Cet investissement supplémentaire n’est pas le signe d’une entreprise que l’on veut abandonner, non plus que le fait de relancer une nouvelle version du Scoler 4 début septembre 2013, et encore moins notre participation à un projet d’autocars à pile à combustible qui était en cours au moment de la cessation de paiements.
À aucun moment je n’ai ménagé mes efforts pour, depuis 13 ans, faire vivre cette entreprise et lui apporter de l’activité. J’ai tout tenté au cours des deux dernières années pour trouver des solutions aux problèmes internes qui ont amené à la cessation de paiements. Pour mémoire sur ces problèmes internes, nous avons dû faire face, en même temps, à des erreurs dans les développements, à des changements imposés dans les homologations avec un délai très court, à nos difficultés pour impliquer l’ensemble du personnel et réduire le taux d’absentéisme supérieur à 10 %.
Je vis également douloureusement cette mise en cause, car nous avons toujours respecté les choix d’achats d’autocars des collectivités territoriales et des filiales de l’État, mais je ne peux plus assumer seul une usine avec de gros problèmes internes sans une mobilisation pour le made in France. On peut me reprocher de ne pas y être arrivé.

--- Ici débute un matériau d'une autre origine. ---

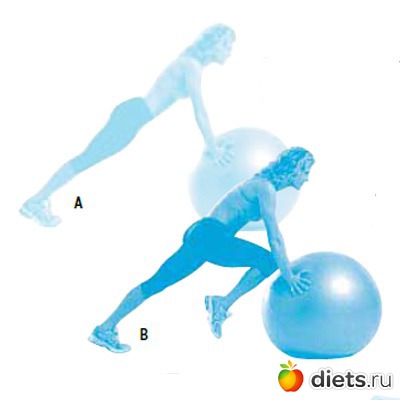Исходное положение - планка, руки на ширине плеч упираются в мяч. Тело должно быть прямым, а живот втянутым - поясница не должна прогибаться. Подтяни правое колено к груди, задержись в этом положении на мгновение и вернись в и. п. То же самое сделай с другой ногой. Это один повтор. Всего нужно сделать 12-15 раз.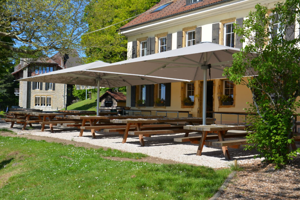 Grâce à l’aide financière de nos parrains et cotisants en 2024, nous avons pu installer deux grands parasols sur la terrasse et changer toutes les dalles de sécurité sur les places de jeux.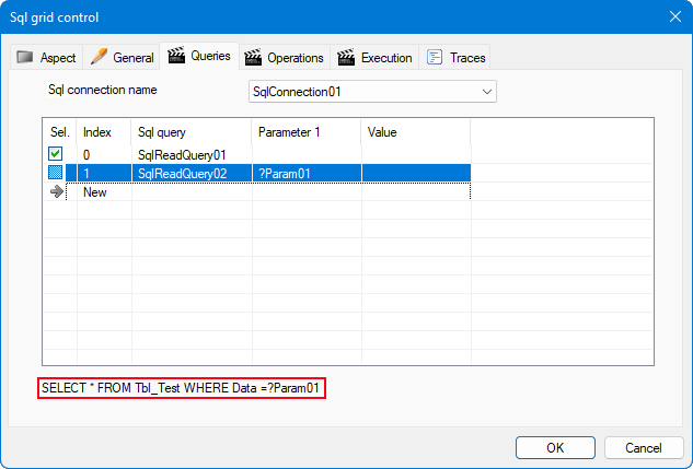 To define the default Sql query, tick the Sel checkbox for the desired query. It is possible to validate the configuration without any default query selected, an associated index variable must then be used to specify the default query. SCADA Basic scripting can also be used to select the query to execute.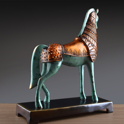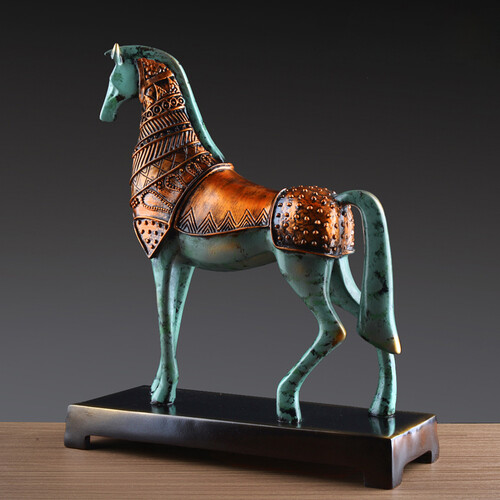 仿古绿战马 | 战马的造型,有着威武的气质。古铜色色马鞍配上仿古绿色的战马,使得摆件凸显出复古的气息。摆件是优质的树脂材质制作,健康环保。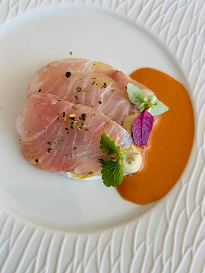 La Torre del Saracino -Carpaccio di ricciola, ricotta, capperi e zuppetta di tartufi di mare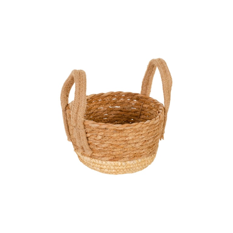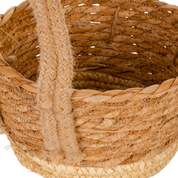 CESTO / CACHEPÔ PALHA 11,5X19 CM BASE BEGE COM ALÇAS MULTIUSO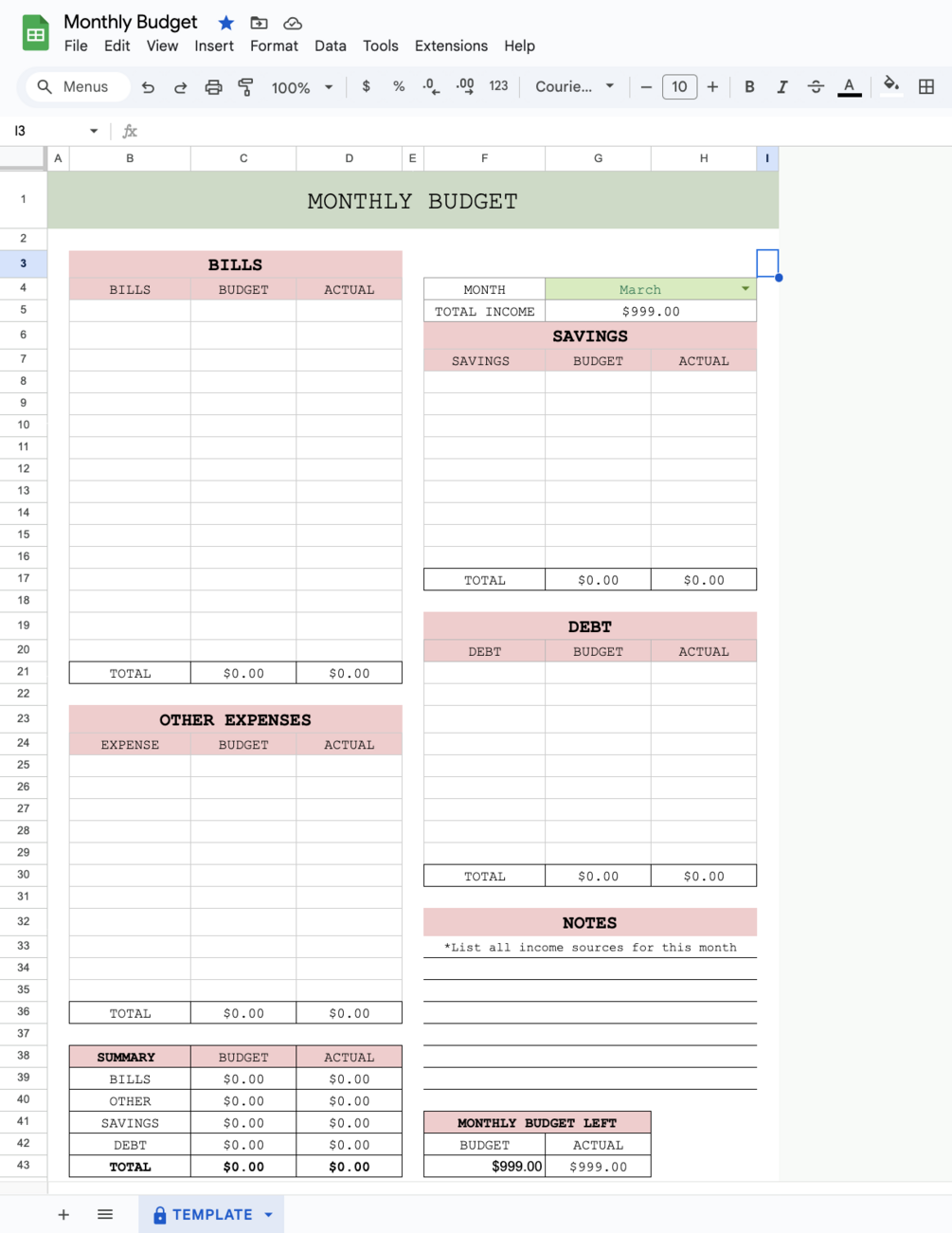 Every day Budget Tracker (Google Sheets)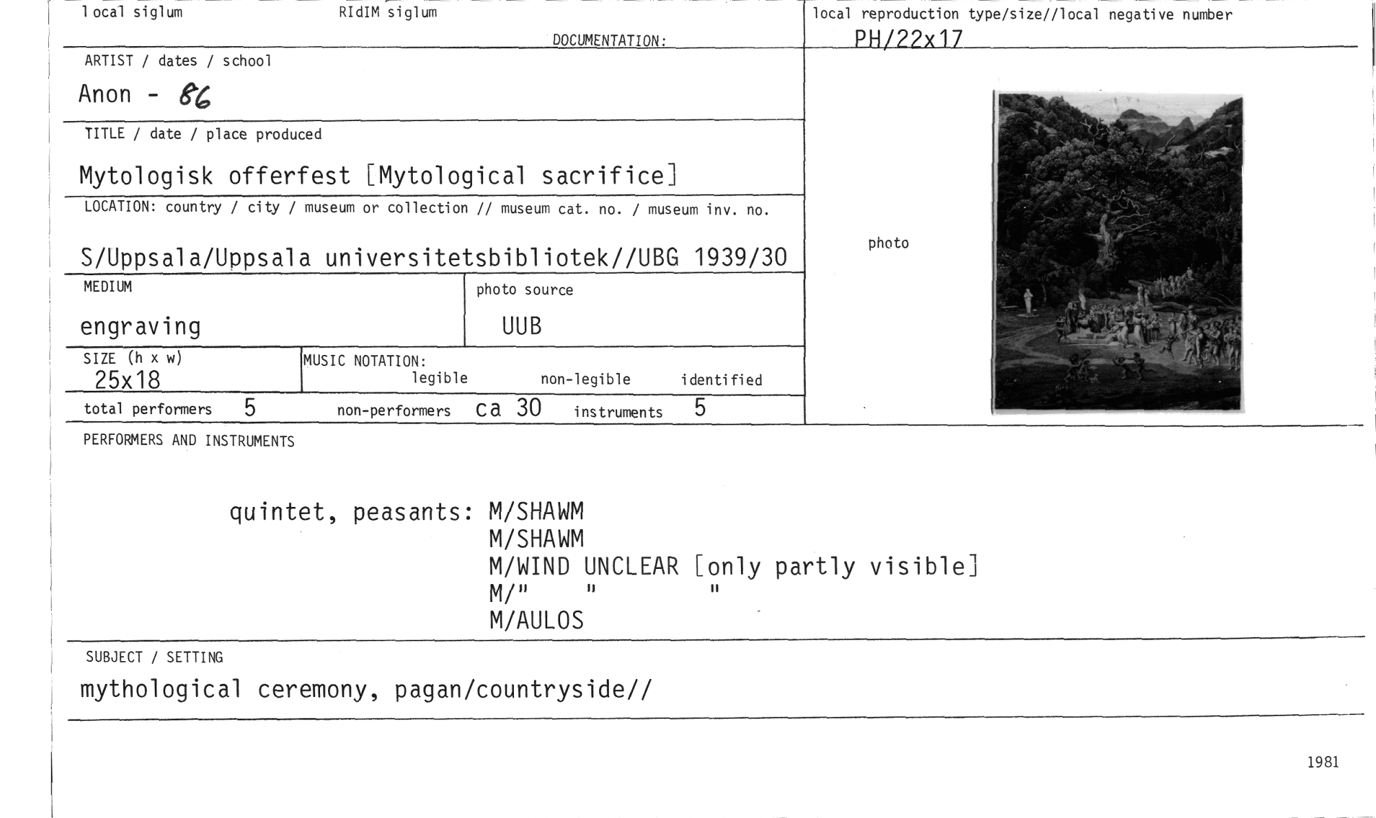 //// 1 ocal siglum RIdIMdgluM1- //// DOCUMENTATION • //// local reproduction type/size//local negative number //// PH/?2x17 //// ARTIST / dates / school //// Anon - ec //// TITLE / date / place produced //// Mytologisk offerfest [Mytological sacrifice] //// LOCATION: country / city / museum or collection // museum cat. no. / museum inv. no. //// S/Uppsala/Uppsala universitetsbibliotek//UBG 1939/30 //// MEDIUM //// engraving //// MUSIC NOTATION: //// legible non-legible identified //// total performers 5 non-performers Ca 30 instruments 5 //// SIZE (h x w) //// 25x18 //// photo source //// UUB //// photo //// PERFORMERS AND INSTRUMENTS //// quintet, peasants: M/SHAWM M/SHAWM M/WIND UNCLEAR [only partly visible] //// Mr //// M/AULOS //// SUBJECT / SETTING //// mythological ceremony, pagan/countryside// //// 1981 ////

Toute mon énergie et mon action ont été tournées vers la recherche de solutions pour Carrier: le niveau élevé de stock et d’encours pour permettre une production plus élevée, les investissements et les projets menés ou en cours.
Sans minimiser les conséquences très importantes de cette situation, je ne peux pas accepter qu’un entrepreneur qui a plus que doublé la taille d’une entreprise à l’agonie en 2000, et qui s’est battu contre la désindustrialisation de notre pays pendant des années, soit ainsi pris à parti sans un minimum de respect des faits.
Je vous prie de croire, Messieurs, en l’expression de mes sincères salutations.